Человек, который смеялся, был мастером подслушивать и вскоре овладел всеми самыми сокровенными тайнами бандитской профессии. Но об этих приемах он был не слишком высокого мнения и незамедлительно изобрел собственную, куда более эффективную систему: сначала изредка, потом чаще он стал разгуливать по Китаю, грабя и оглушая людей, — убивал он только в случае крайней необходимости. Своими изворотливыми и хитрыми преступлениями, в которых, как ни удивительно, проявлялось его исключительное благородство, он завоевал прочную любовь простого народа. Как ни странно, его приемные родители (те самые бандиты, которые толкнули его на стезю преступлений) узнали о его подвигах чуть ли не последними. А когда узнали, их охватила черная зависть. Ночью они гуськом продефилировали мимо постели Человека, думая, что, одурманенный ими, он спит глубоким сном, и по очереди вонзали в тело, покрытое одеялами, свои ножи-мачете. Но жертвой оказалась мамаша главаря банды, чрезвычайно сварливая и неприятная особа. Этот случай только распалил бандитов, жаждавших крови Человека, который смеялся, и в конце концов ему пришлось запереть свою банду в глубокий, но вполне комфортабельно обставленный мавзолей. Изредка они удирали оттуда и мешали ему жить, но все же убивать их он не желал. (Эта его нелепая жалостливость бесила меня до чертиков).

Вскоре Человек, который смеялся, стал регулярно пересекать китайскую границу, попадая прямо в Париж, французский город, где он при всей своей скромности любил с гениальной изобретательностью изводить некоего Марселя Дюфаржа, всемирно известного сыщика, чахоточного, но весьма остроумного господина. Дюфарж и его дочка (очаровательная, хоть и двуличная девица) стали злейшими врагами Человека. Много раз они пытались провести и поймать его. Человек вначале поддавался им из чисто спортивного интереса, но потом исчезал без следа, так что никто не мог догадаться, каким образом он удрал. Только изредка он оставлял прощальную записочку в системе парижской канализации, и она незамедлительно доставлялась Дюфаржу в собственные руки. Семья Дюфаржей проводила невероятное количество времени, шлепая по трубам парижской канализации.

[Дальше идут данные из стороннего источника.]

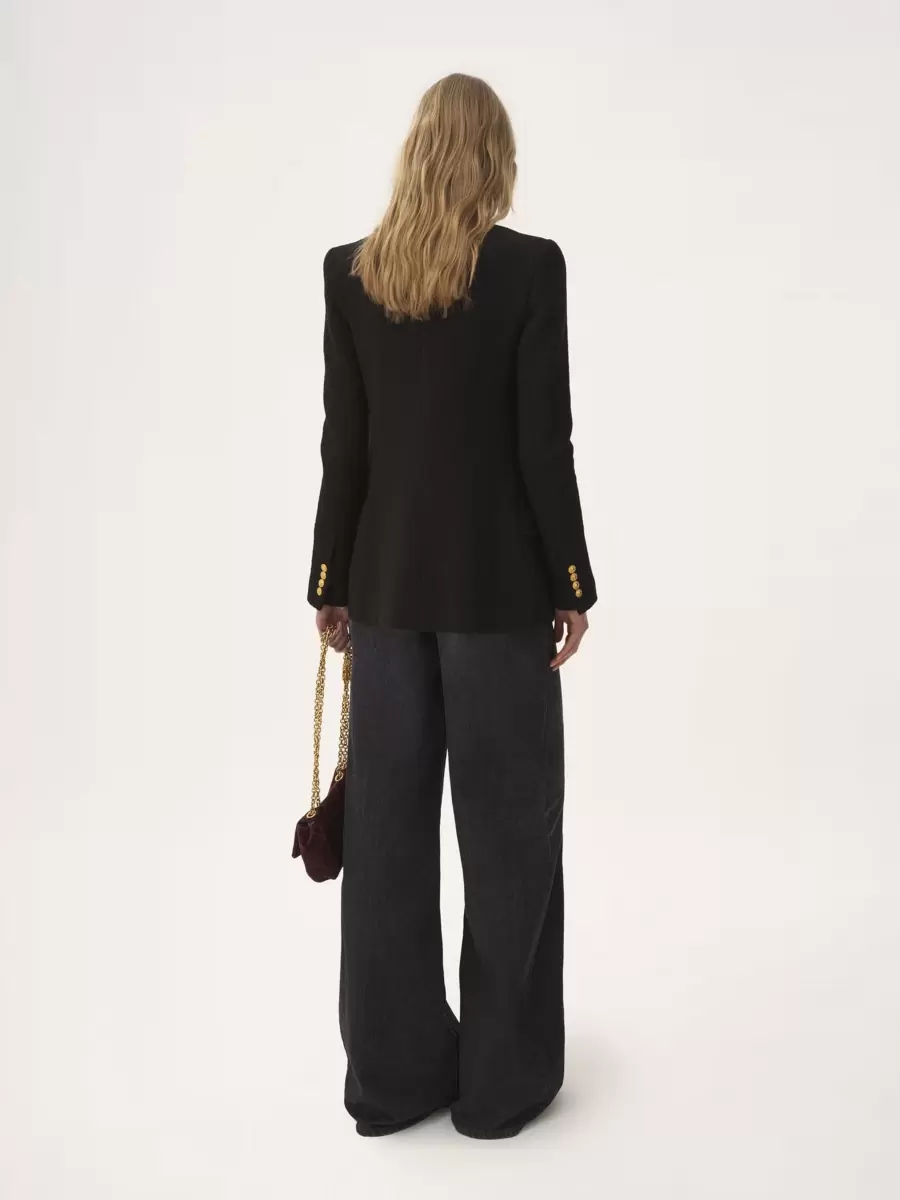 Double-breasted tailored jacket in wool bouclette, featuring gold-tone buttons and front flap pockets.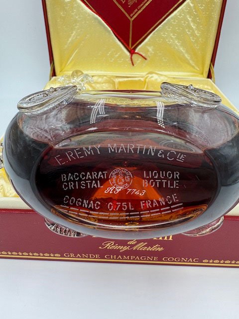 - 1) Text on label: Bottle (printed directly on glass, front/bottom section): E. REMY MARTIN & CIE BACCARAT CRISTAL LIQUOR BOTTLE COGNAC 0.75L FRANCE AG 1743 PRODUCED IN FRANCE BY E. REMY MARTIN & CIE COGNAC IMPORTED BY REMY AMERIQUE, INC. NEW YORK, N.Y. R. LAOPTE Box (inside lid, red diamond panel): LOUIS XIII Rémy Martin GRANDE CHAMPAGNE COGNAC Box (exterior side and lid): LOUIS XIII Rémy Martin GRANDE CHAMPAGNE COGNAC 2) Visual elements: Bottle: A clear Baccarat crystal decanter with 12 distinct glass "teeth" or scallops around its circumference. It features a golden ribbed screw cap. A gold foil band on the neck shows an embossed centaur emblem. The main body has a central embossed circular medallion displaying a centaur holding a spear and shield, with three smaller embossed circular medallions below it, each depicting a centaur or fleur-de-lis. Text is printed directly onto the glass. Box: A red hard case with gold trim and gold fleur-de-lis motifs on the exterior. The interior is lined with quilted gold satin fabric. The inside of the lid features a red diamond-shaped panel with a gold border. A clear glass fleur-de-lis stopper is visible next to the bottle. Font styles: The bottle's primary text uses a clear serif font. The box text for "LOUIS XIII" is a decorative serif style, "Rémy Martin" is in a flowing script, and "GRANDE CHAMPAGNE COGNAC" uses a simple serif font. 3) Fill level estimate: well above shoulder into neck: great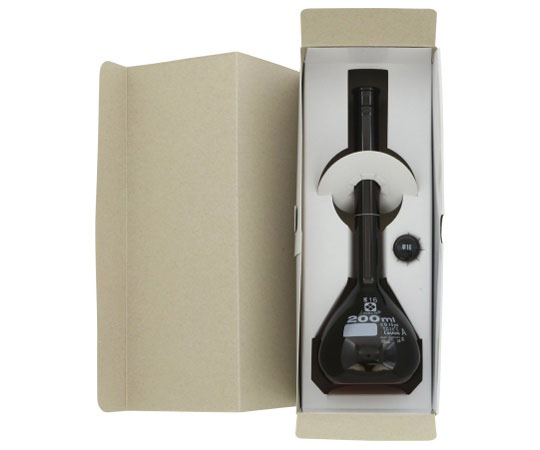 ●一定の体積を測るために用いられます。全量フラスコとも呼ばれます。●底の平らなフラスコに細長い首が伸びた形状で、首の部分に通常は1本の回線があります。●目盛のある首部分の径が細いため、同容量のメスシリンダーより目盛の精度が高いです。●一定の試薬濃度を正確に調整する時に使用されます。●目盛は受入体積(入っている体積)を表し、受用(入用)を意味するTCが表示しています。(TC:To Contain の略)目盛は20℃の水を測定したときの体積を表します。●JIS規格(R3505)クラスAの「体積の許容誤差」に準拠しています。●遮光を目的として外側に茶染めを施しております。●容量(mL):200●JCSS校正証明書付●全高:220mm●体積許容誤差:±0.15mL●栓(TS):16●外径:φ75mm●色:茶●材質:硼珪酸ガラス-2●TSガラス平栓付き●※カスタムAは、JIS R3505(1994年)クラスAの「体積許容誤差」に準拠しています。●※高さは栓を除く●※「校正証明書付」商品は当社オリジナルのサービスです。●●★※安全対策として、飛散防止を目的としたガラスコーティング対応が可能です。詳しくは下記までお問い合わせください。●●★アズワン株式会社▼サービスプロモーショングループ●★E-mail:tokuchu@so.as-1.co.jp●コード番号: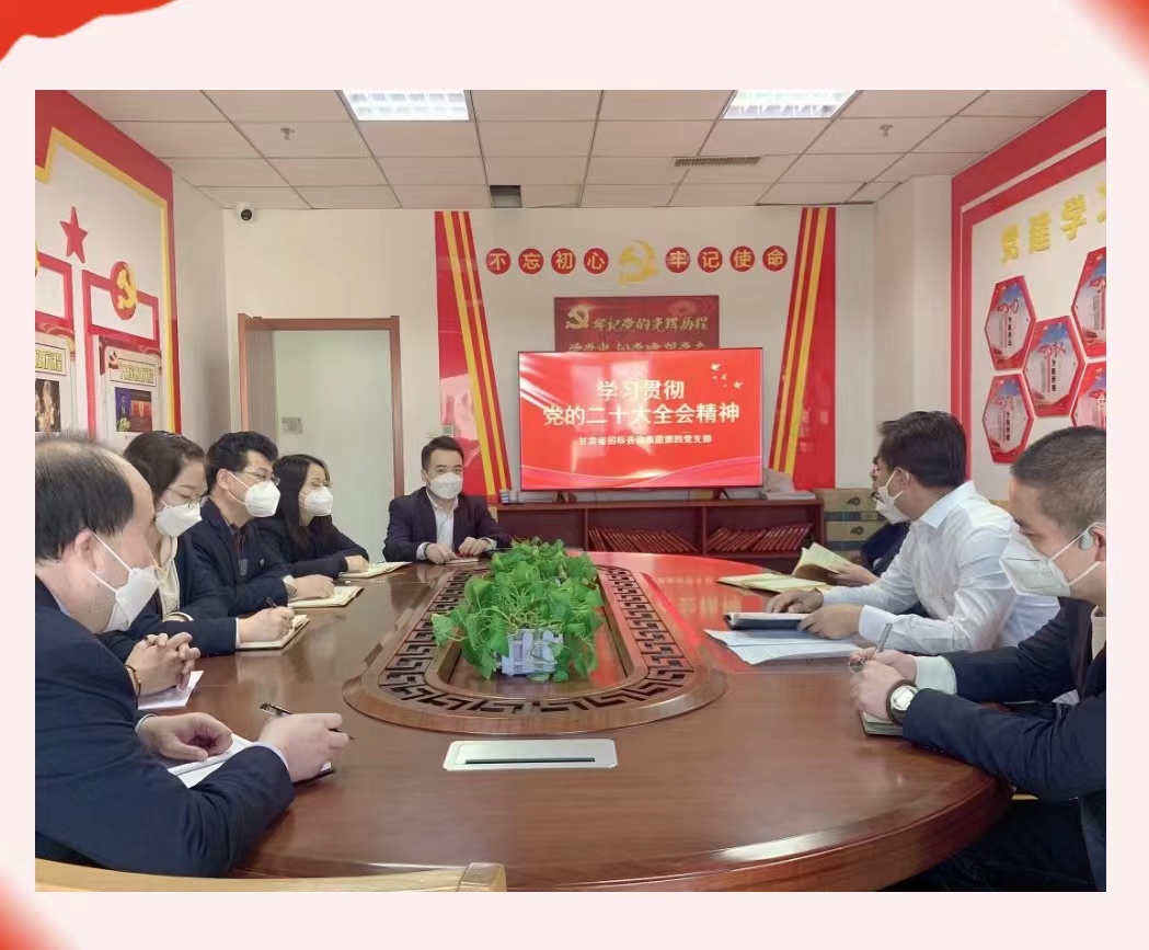 黨的二十大勝利召開以來,甘肅省招標(biāo)咨詢集團(tuán)有限責(zé)任公司黨委高度重視,將學(xué)習(xí)宣傳貫徹黨的二十大精神作為當(dāng)前和今后一個(gè)時(shí)期的首要政治任務(wù),通過多形式、全覆蓋的方式,積極抓好貫徹落實(shí),持續(xù)推動黨的二十大精神轉(zhuǎn)化為加快各項(xiàng)工作高質(zhì)量發(fā)展的強(qiáng)大動力,努力促使黨的二十大精神在招標(biāo)咨詢集團(tuán)迅速落地生根、開花結(jié)果。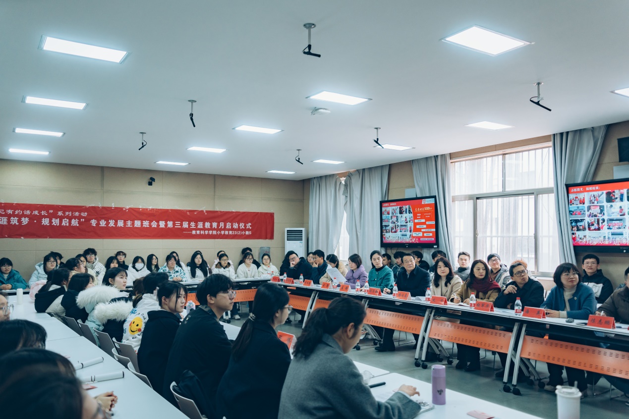 本次主题班会设置了班情汇报展示、生涯规划分享、时光信箱FLAG、校外导师结对等七个环节,内容丰富、形式多样。首先,班长王佳以《我们在盐师写下一首诗》简要汇报了班级在学风建设、实践活动、就业意愿等方面的班级建设情况。随后,员工代表张琳茗、游娅婷分别分享了支教实践和竞赛访学的成长经历,以同辈视角传递青春正能量。2025届毕业生代表张赟与刘清扬结合自身经历,分享了考研心路历程与职业规划经验。活动特别邀请了两位员工现场分享:盐城市亭湖区实验小学副董事长、盐城市名董事长培养对象、2013届员工王珊结合自身从教经历,深入剖析了师范专业多元化发展路径;盐城市第一小学高级教师、江苏省教学名师、2006届员工王蕾则分享了职业发展的真知灼见。两位员工为员工们勾勒了职业发展路径,鼓励大家拓宽视野、提升实践能力,认识教育专业的核心竞争力,为未来奠定基础。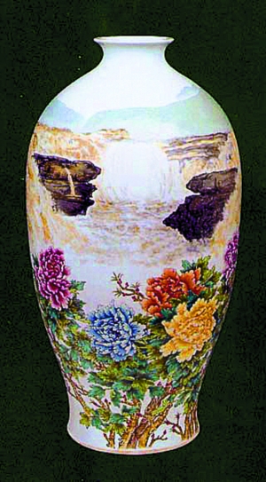 首度亮相的禮品瓷《源》、《脈》也有著很高的藝術(shù)品質(zhì)!对础芬渣S河標(biāo)志性景觀壺口瀑布做遠(yuǎn)景,以牡丹花團(tuán)錦簇為近景;《脈》以萬(wàn)里長(zhǎng)城做遠(yuǎn)景,以牡丹花團(tuán)錦簇為近景。兩個(gè)作品寓意著兩岸同胞都是炎黃子孫,血濃于水,同宗同源。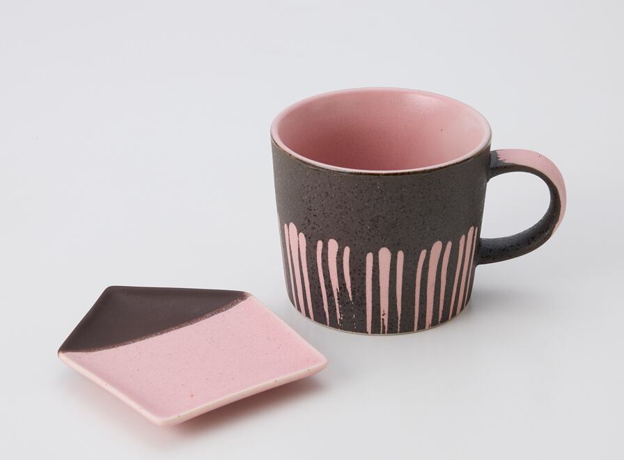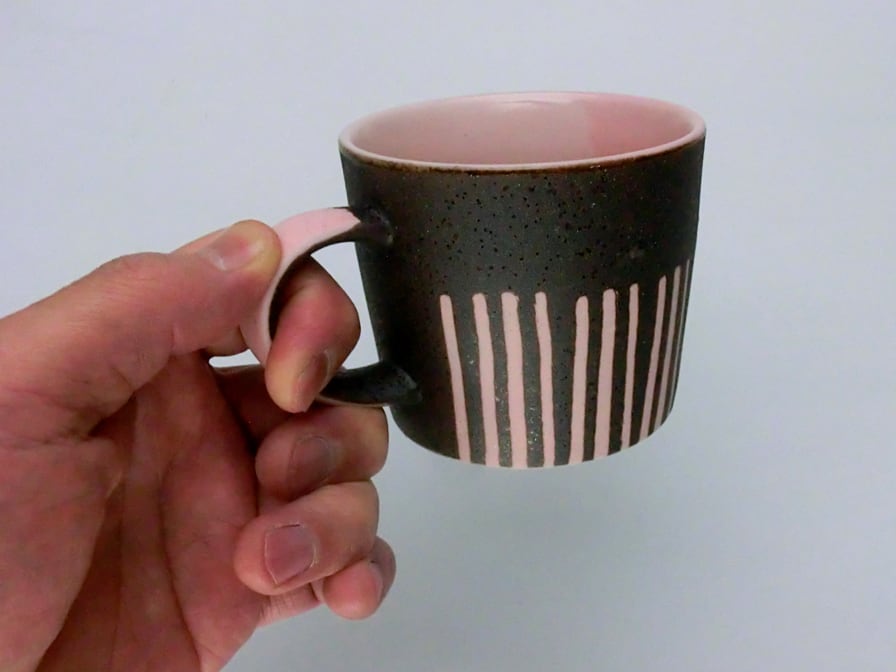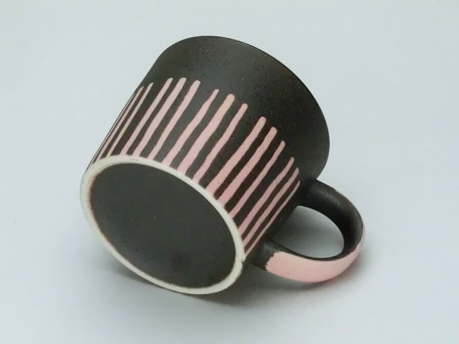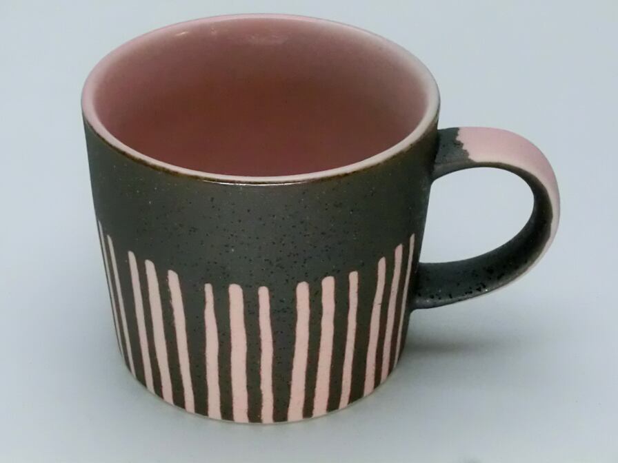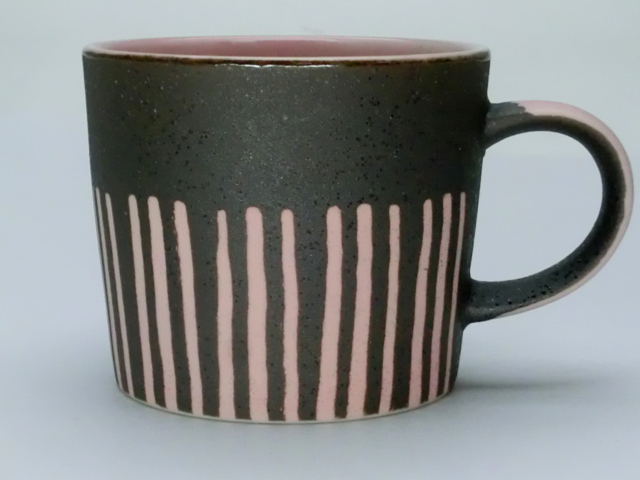 ※マグのデザインの線は手描きの為1点づつ異なります。また仕上がりが均一ではなく、釉状の具合によって、色の濃淡、色ムラ、釉ダレができ 模様や濃淡の出方が変化します。

Вскоре Человек, который смеялся, стал единоличным владельцем самого грандиозного состояния в мире. Большую часть он анонимно пожертвовал монахам одного местного монастыря — смиренным аскетам, посвятившим жизнь дрессировке немецких овчарок. Остатки своего богатства Человек вкладывал в бриллианты, он небрежно опускал их в изумрудных сейфах на дно Черного моря. Личные его потребности были до смешного ограничены. Он питался исключительно рисом с орлиной кровью и жил в скромном домике, с подземным тиром и гимнастическим залом, на бурном береге Тибета. С ним жили четверо беззаветно преданных сообщников: легконогий гигант волк, по прозванию Чернокрылый, симпатичный карлик, по имени Омба, великан монгол, по имени Гонг (язык ему выжгли белые люди), и несказанно прекрасная девушка-евразийка, которая из неразделенной любви к Человеку и постоянного страха за его личную безопасность иногда не брезговала даже нарушением законности. Человек отдавал распоряжения своей команде из-за черной шелковой ширмы. Даже Омбе, симпатичному карлику, не надо было видеть его лицо.

Я мог бы буквально часами — не бойтесь, не буду! — водить вас, читатель, насильно, если понадобится, взад и вперед, через китайско-парижскую границу. До сих пор я считаю Человека, который смеялся, кем-то вроде своего героического предка, ну, скажем, Роберта Э. Ли. Но эти нынешние мечты и сравнить нельзя с теми, что владели мною в 1928 году, когда я считал себя не только прямым потомком Человека, но и его единственным живым и законным наследником. В том, 1928 году я был вовсе не сыном своих родителей, но дьявольски хитрым самозванцем, выжидавшим малейшего просчета с их стороны, чтобы тут же, лучше без насилия, хотя и оно не исключалось, открыть им свое истинное лицо. Но, не желая разбить сердце своей мнимой матери, я предполагал наградить её в моем преступном мире каким то, пока неопределенным, но, несомненно, королевским званием. Однако самым главным для меня в 1928 году была постоянная бдительность. Играть им всем на руку. Чистить зубы, причесываться. Изо всех сил скрывать свой природный, дьявольски жуткий смех.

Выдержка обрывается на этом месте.